Lothar, good points. I have a few disagreements, but they are more a matter of perspective than a matter of "fact".

The threats of aging are in fact just far away threats in the individuals future and a lot of other existential problems are much more urgent like the catastrophe round the Indian Ocean has just demonstrated in a very terrible way. So, in my opinion physical immortality should be much more and at first hand something different than just a project to overcome aging, because if the old slogan 'first things first' is true people have a lot of nearer problems in managing their surviving or even leading a good life which is always one of the central points for the motivation to prolong it.

Well, I somewhat disagree. If you look at the ages at which people die, the majority of people die over the age of 75. The odds of dying at age 80 are more than twice as high as dying at age 70, which are again more than twice as high as your odds of dying at age 60, which are again more than twice as high as your odds of dying at age 50. This trend continues all the way down to your mid-20's or so.

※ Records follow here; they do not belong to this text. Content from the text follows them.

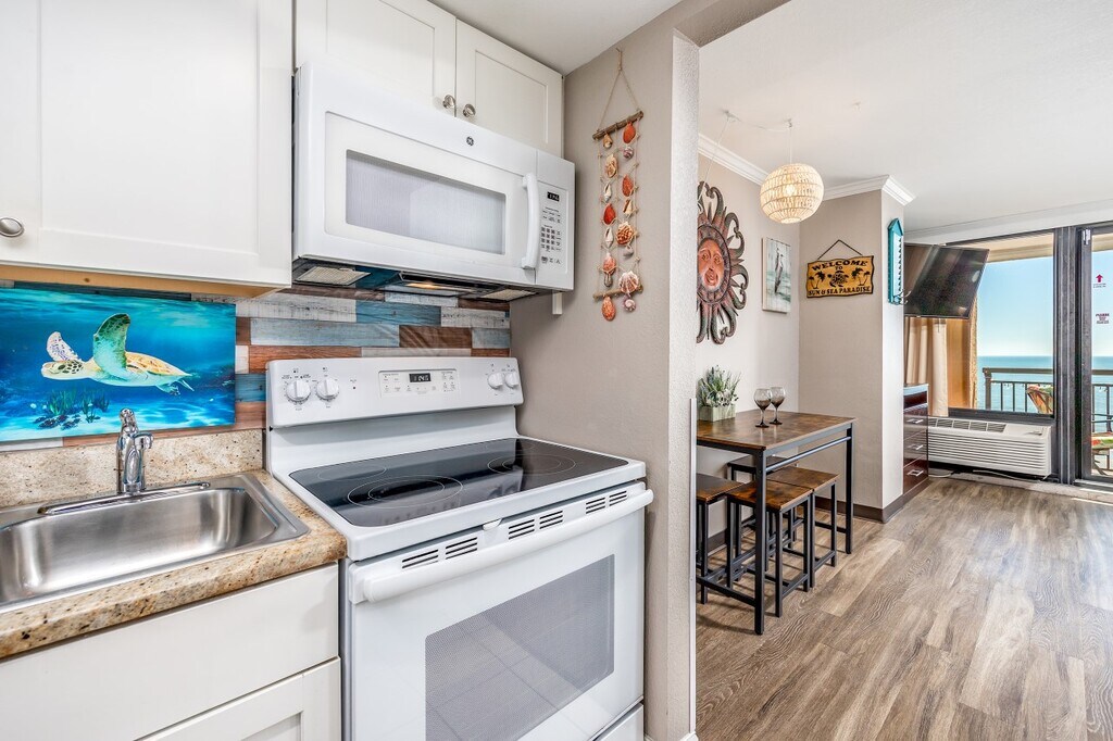 Frente al mar en directo. ¡Servicio estupendo amaneceres. Orientado a la familia y menos congestionada área de Myrtle Beach. Cerca de todos los restaurantes y atracciones. Nueva cama King y decoración!
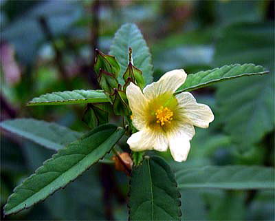 花は、葉えきに1個ずつつく。花冠は濃黄色で径1cmほど,がくは5裂し,裂片は三角形。花弁は5枚。種子は腎形,長さ2mmほどで黒色を帯びる。
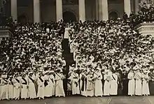 Una famosa representación tuvo lugar en 1912, en la prisión Holloway, después de que muchas activistas fueran encarceladas a raíz de una campaña de rotura de ventanas. La participación de Smyth en esta protesta implicó romper la ventana de Lewis Harcourt, el Secretario de Estado para las Colonias.[8] El director Thomas Beecham visitó a Smyth en la prisión e informó que encontró a las activistas en el patio "...marchando en ronda y cantando lujuriosamente su canto de guerra, mientas la compositora las miraba desde una ventana superior radiante de aprobación, dirigiendo el coro con un cepillo de dientes"
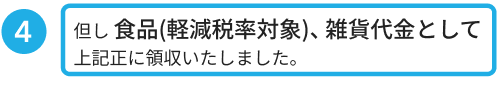 但し書きには何の対価としてお金が受け渡されたのかを「具体的」に記載します。語尾に「として」をつけて、軽減税率が適用されるものについては「軽減税率対象」の旨も記載します。
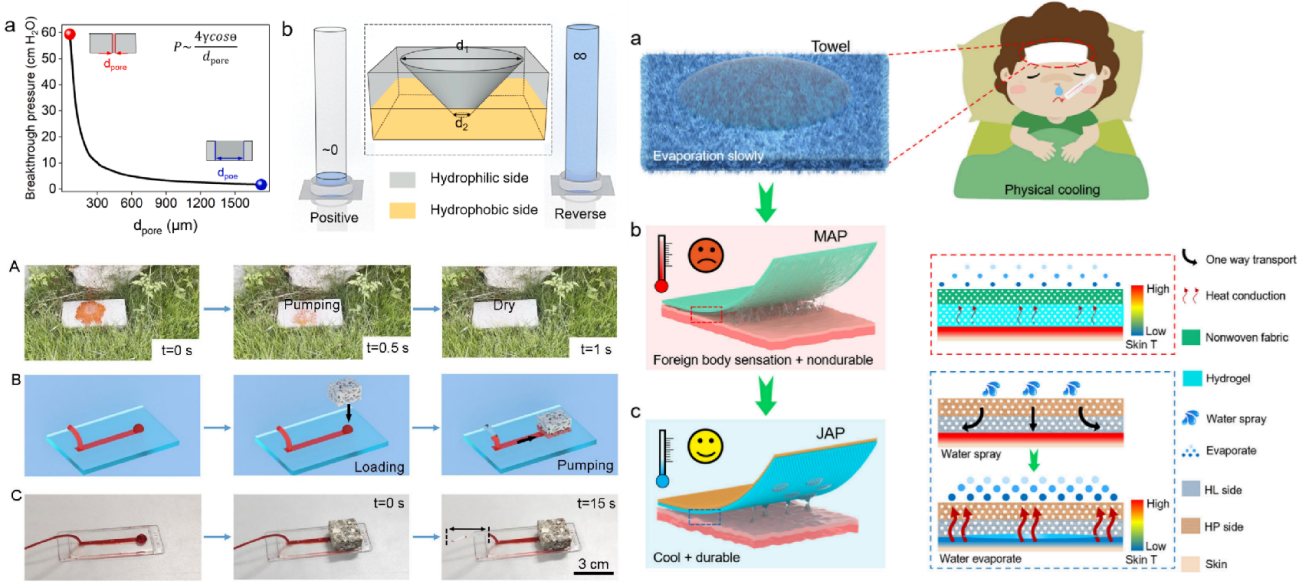 二区,影响因子高达8.3)上发表了题为“Janus Antipyretic Pastes for Efficient, Durable and Comfortable Personal Physical Cooling”的研究论文。该研究创造性地反转Janus织物单向导湿特性,并将其巧妙融入退烧贴设计中。结合工程智慧,他们还设计了一套外部供水系统,这一创新不仅大幅提升了退烧贴的降温效率与持久性,更确保了佩戴过程中的极致舒适度,为发热患者提供了更加安全、舒适的物理降温方案。
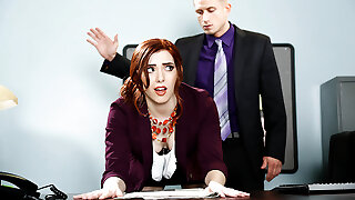 Redhead dominatrix with a strap-on porks the hot chocolate beauty
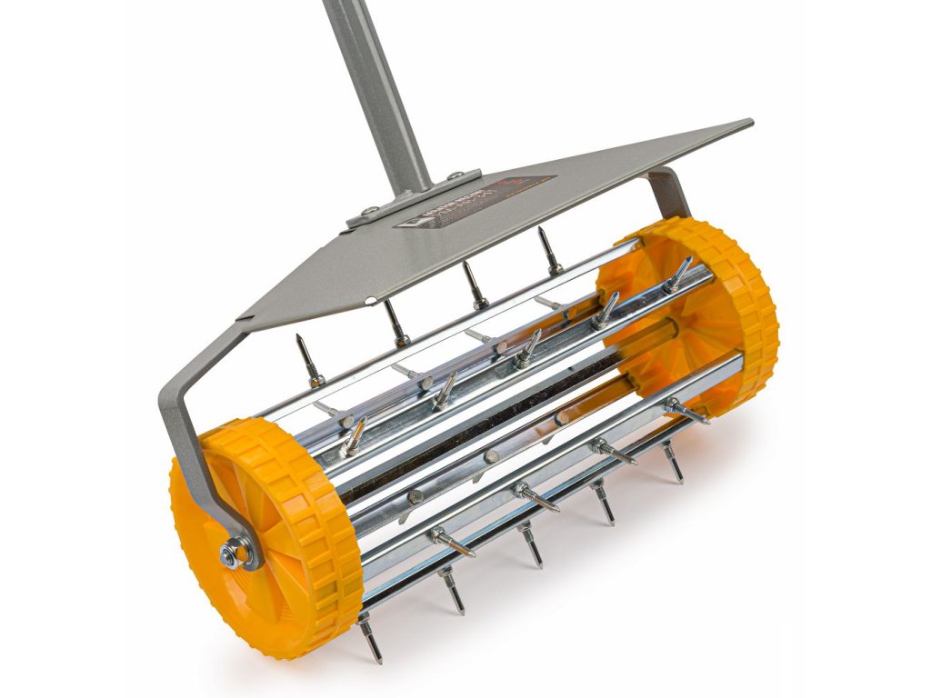šírka 34 cm ľahké kolesá 27 oceľových kolíkov ideálne na údržbu trávnika
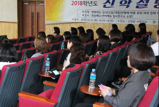 서울특별시 강서양천교육지원청 관내 신정여자중학교(교장 박흥규)는 전교생과 학부모 가운데 신청자를 받아 고입과 대입 진학 안내 강연을 진행하였다.
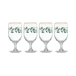 Enjoy some holiday libations with the 4-piece Iced Beverage Glass Set. A festive motif of holly leaves decorate the sides of these 24-karat gold accented glasses. This set is ideal for serving a cold beer or other chilled beverages.
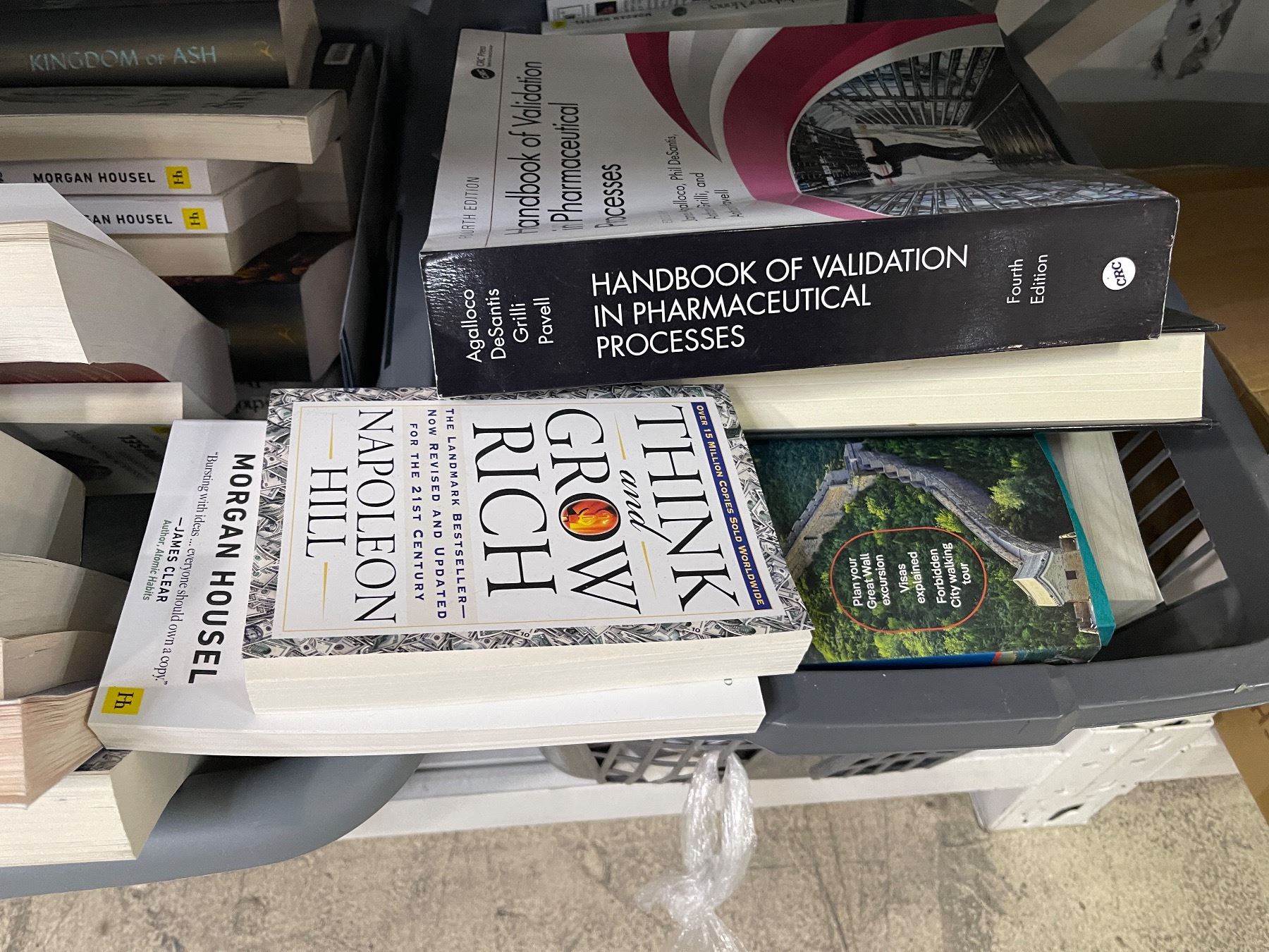 Group of 4 bins full of Books/ NEW Items, Office Supplies/ Tools & More (Bins are not included - Please Bring Bags)
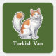 Den turkiska Van Sticker har den atletiska och äventyrliga turkiska Van-kattrasen, känd för sin halvlånga päls och sitt speciella van-mönster på huvud och svans. Det här klistermärket är idealiskt för kattentusiaster och fångar den turkiska Van-kattens energiska och lekande personlighet i en charmig och ögonfångande design.
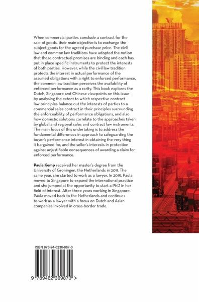 When commercial parties conclude a contract for the sale of goods, their main objective is to exchange the subject goods for the agreed purchase price. The civil law and common law traditions have adopted the notion that these contractual promises are binding and each has put in place specific instruments to protect the interests of both parties. However, while the civil law tradition protects the interest in actual performance of the assumed obligations with a right to enforced performance, the common law tradition perceives the availability of enforced performance as a rarity. This book explores the Dutch, Singapore and Chinese viewpoints on this issue by analysing the extent to which respective contract law principles balance out the interests of parties to a commercial sales contract in their principles surrounding the enforceability of performance obligations, and also how domestic solutions correlate to the approaches taken by global and regional sales and contract law instruments. The main focus of this undertaking is to address the fundamental differences in approach to safeguarding the buyer's performance interest in obtaining the very thing it bargained for, and the seller's interests in protection against unjustifiable consequences of awarding a claim for enforced performance.
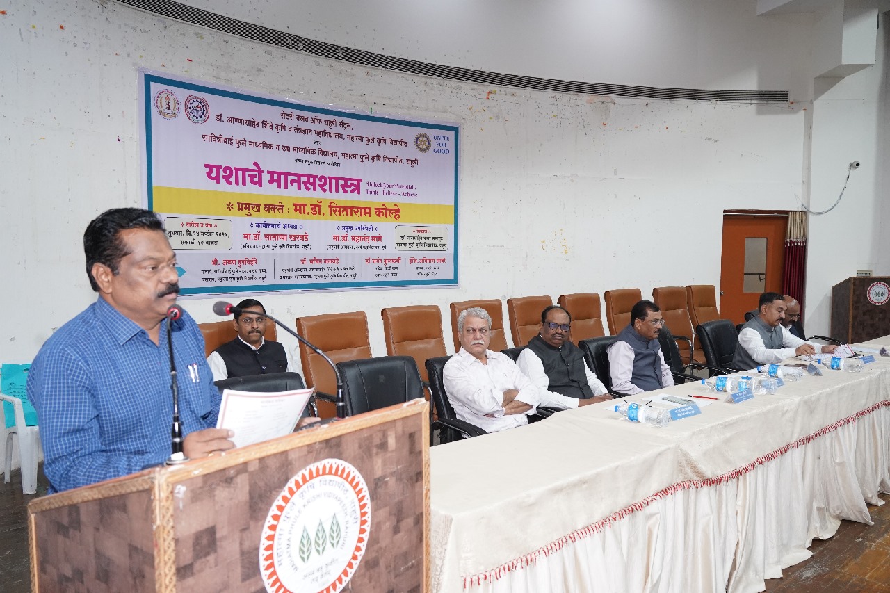 महात्मा फुले कृषी विद्यापीठ, राहुरी येथील डॉ. अण्णासाहेब शिंदे कृषी अभियांत्रिकी व तंत्रज्ञान महाविद्यालय, राहुरी येथील रोटरी क्लब व सावित्रीबाई फुले माध्यमिक व उच्च माध्यमिक विद्यालय यांच्या संयुक्त विद्यमाने यशाचे मानसशास्त्र या विषयावर कार्यक्रमाचे आयोजन करण्यात आले होते. या कार्यक्रमाच्या अध्यक्षस्थानावरुन डॉ. साताप्पा खरबडे बोलत होते.
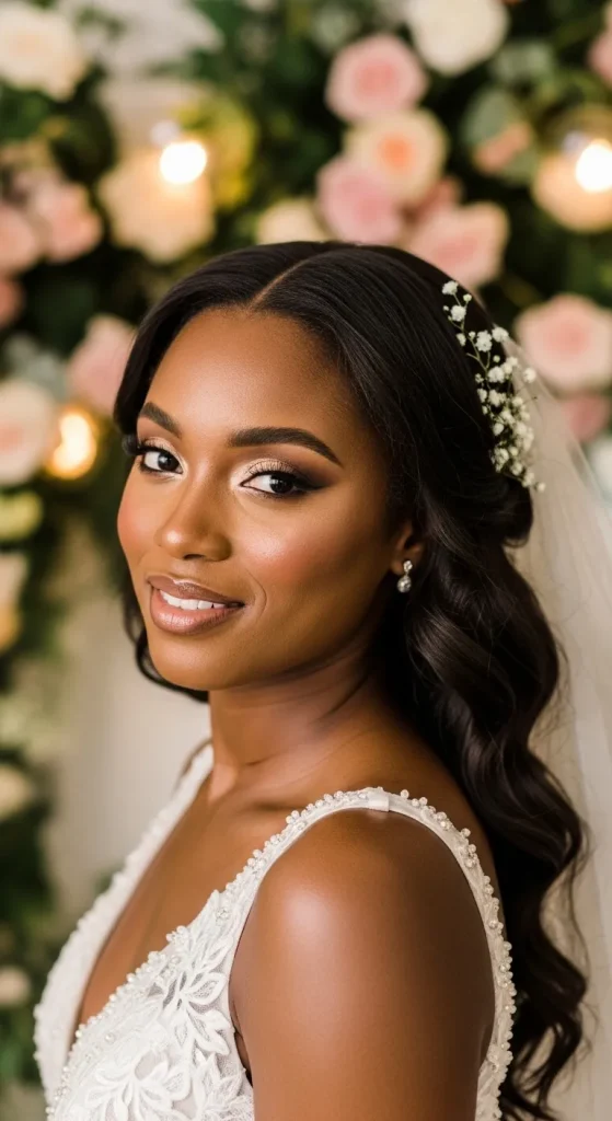 Radiant evening dewy glam focuses on enhanced glow and slightly stronger definition for night settings. This idea is common in Pinterest ideas for parties and events because it combines glamour with hydration. It enhances facial structure while maintaining luminous skin. For Black women, it creates depth and highlight contrast that looks striking under artificial lighting. The aesthetic is bold yet smooth, balancing glow and definition effectively.
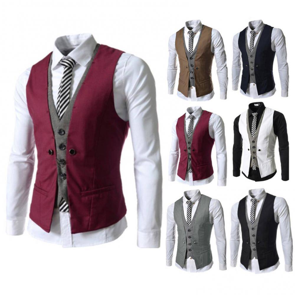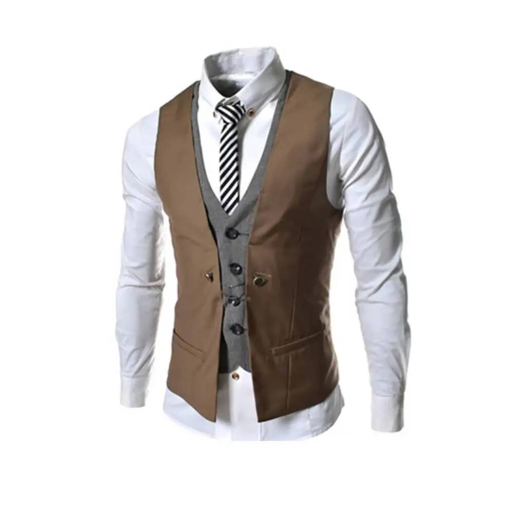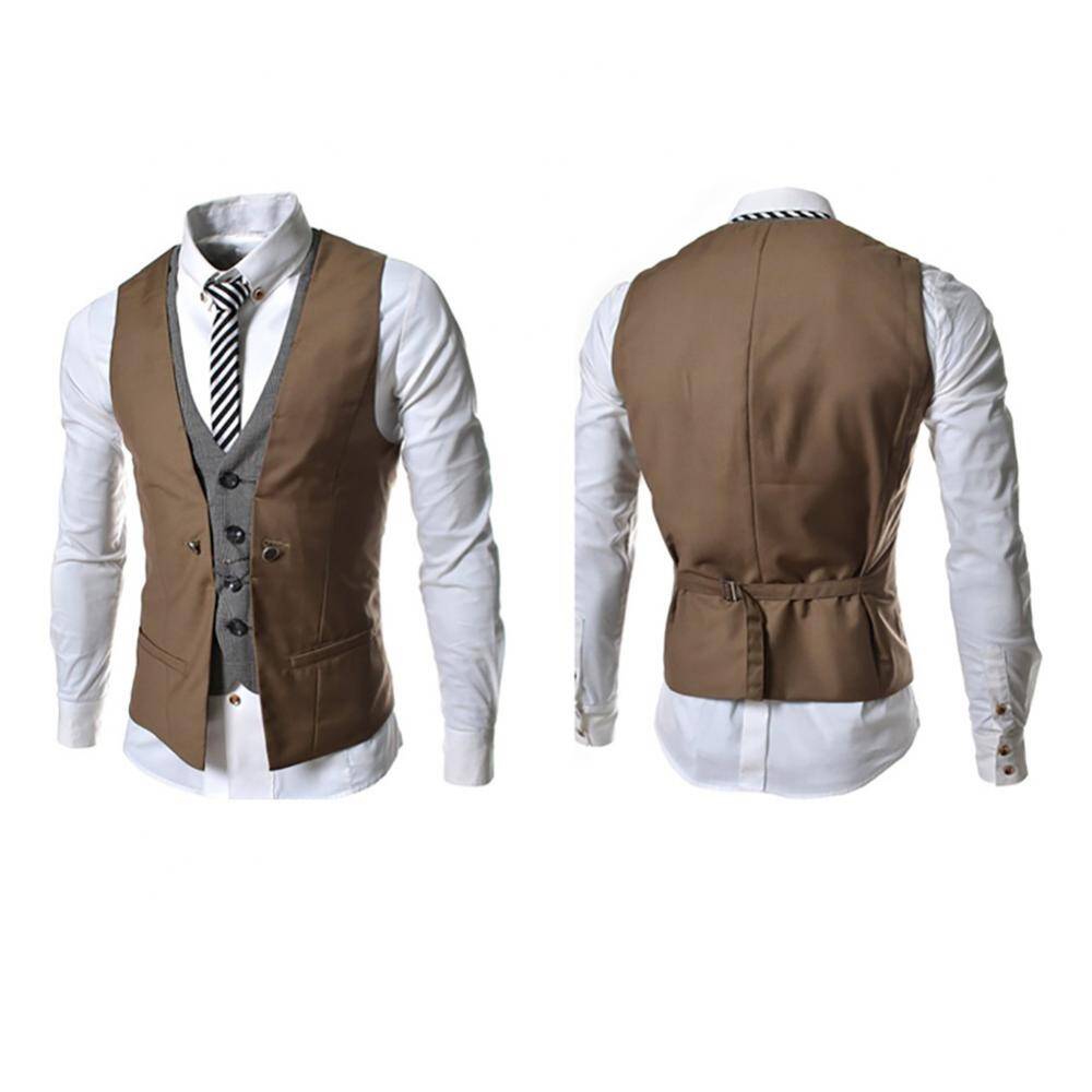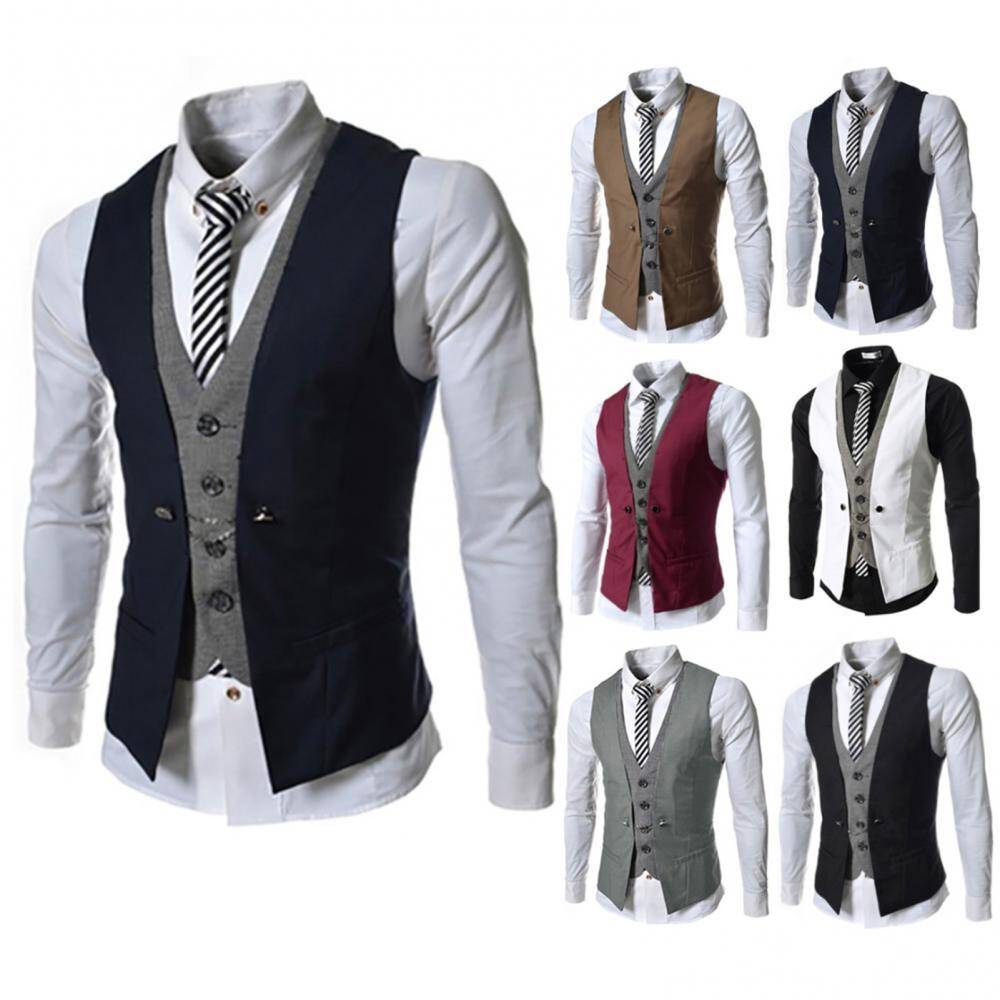 남성 민소매 V 넥 싱글 브레스트 슬림 Gilet 비즈니스 정장 탑 조끼
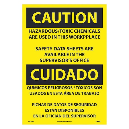 NMC ESC309PC National Marker Caution, Hazardous Toxic Chemicals are Use (Bilingual), 20 Inches x14, Ps Vinyl
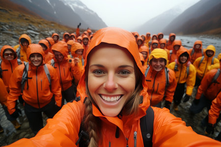 Amidst foggy mountains, a kayaker in an orange jacket leads a diverse group, ready for adventure. The atmosphere is thrilling, emphasizing teamwork and exploration in nature.
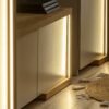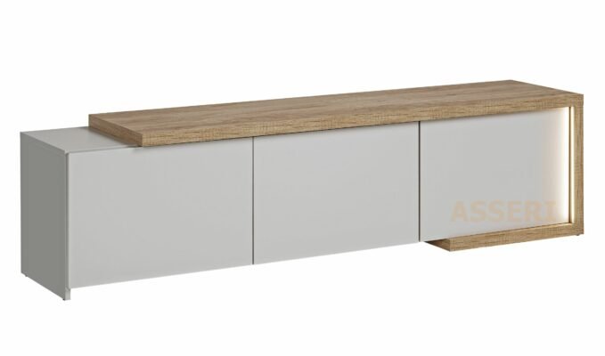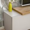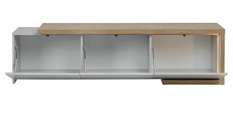 Nowoczesna szafka RTV świetnie pasuje do minimalistycznego wystroju, wnosząc nieco uroku dzięki blatowi w kolorze dębu. Oferuje funkcjonalność dzięki zamkniętym schowkom oraz zapewni Ci relaks i możliwość pełnego wykorzystania wnętrza.
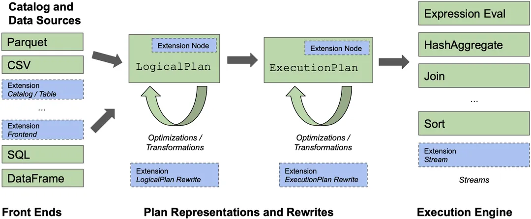 Apache DataFusion: 基于 Apache Arrow 实现的可扩展查询引擎,使用Rust语言编写,提供SQL解析和查询优化等功能。架构设计如图所示[3],包括四部分: 1. 前端: 语法/语义解析并转为逻辑计划;2. 逻辑计划: 查询中间表示,包括Expression(表达式)/ Type system(类型系统);Query Plan/ Relational Operators(关系算子);Rewrites/ Optimizations(逻辑计划优化);3. 物理计划: 查询底层表示,主要包括 Rewrites/ Optimizations(物理计划优化); 4. 运行时算子: 分配计算资源,基于Arrow 和RecordBatch批数据处理提供向量化计算能力。
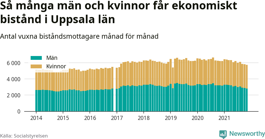 Av biståndstagarna i Uppsala län var förra månaden 2 925 kvinnor och 2 814 män.

Now this is all-cause mortality, including things like car accidents, etc. That's probably one reason it levels off in your 20's, because accidents become more common causes of death than diseases.

But for a 60-year-old, any one of the major diseases is a bigger cause for concern than all forms of accidental and homocidal death combined. And all of those major diseases is directly or indirectly tied to aging. Aging is still a big threat. Cure aging, and you've cured heart disease for the most part. I wish the same were inherently true about cancer, although cancer seems to be tied to aging in intricate genetic ways, so curing "aging" may not cure cancer, depending on your definition of "aging".

Granted, aging is not a big immediate threat for 20-year-olds. But it is the leading cause of death for the majority of people. 60-year-olds count as much as 20-year-olds, regardless of how 20-year-olds might feel about that statement. The fact that 60-year-olds don't count as much to my generation (the 20-somethings) is due in part to the fact that aging is viewed as inevitable, so we've already written them off.

We may not be able to convince 20-year-olds to be worried about aging, but there are lots of middle-class people in their 50's and up who are all too aware of their impending mortality.


While 150,000+ deaths from those tsunamis may sound very scary, it was less than the death toll caused by aging in two days. Admittedly impressive, as very few tragedies can outpace aging for causing death and suffering. But nonetheless, two days' worth of aging-related deaths still exceeds the death toll from the tsunamis. So while disasters like the tsunami may seem like a tragedy, we need to keep some perspective: if Aubrey de Grey is right, the $4 billion (or more) that has been pledged and donated so far to tsunami disaster relief could save many many many more lives, and alleviate many many times more suffering, if it were spent instead on properly focussed anti-aging research. I'm not trying to sound barbaric, I'm just trying to put things in perspective. If people could wake up to the reality that aging is a barbaric and cruel process that is imminently curable, then we should expect the same outpouring of compassion that we've seen for tsunami disaster relief. Alas, that realization has not hit the world yet.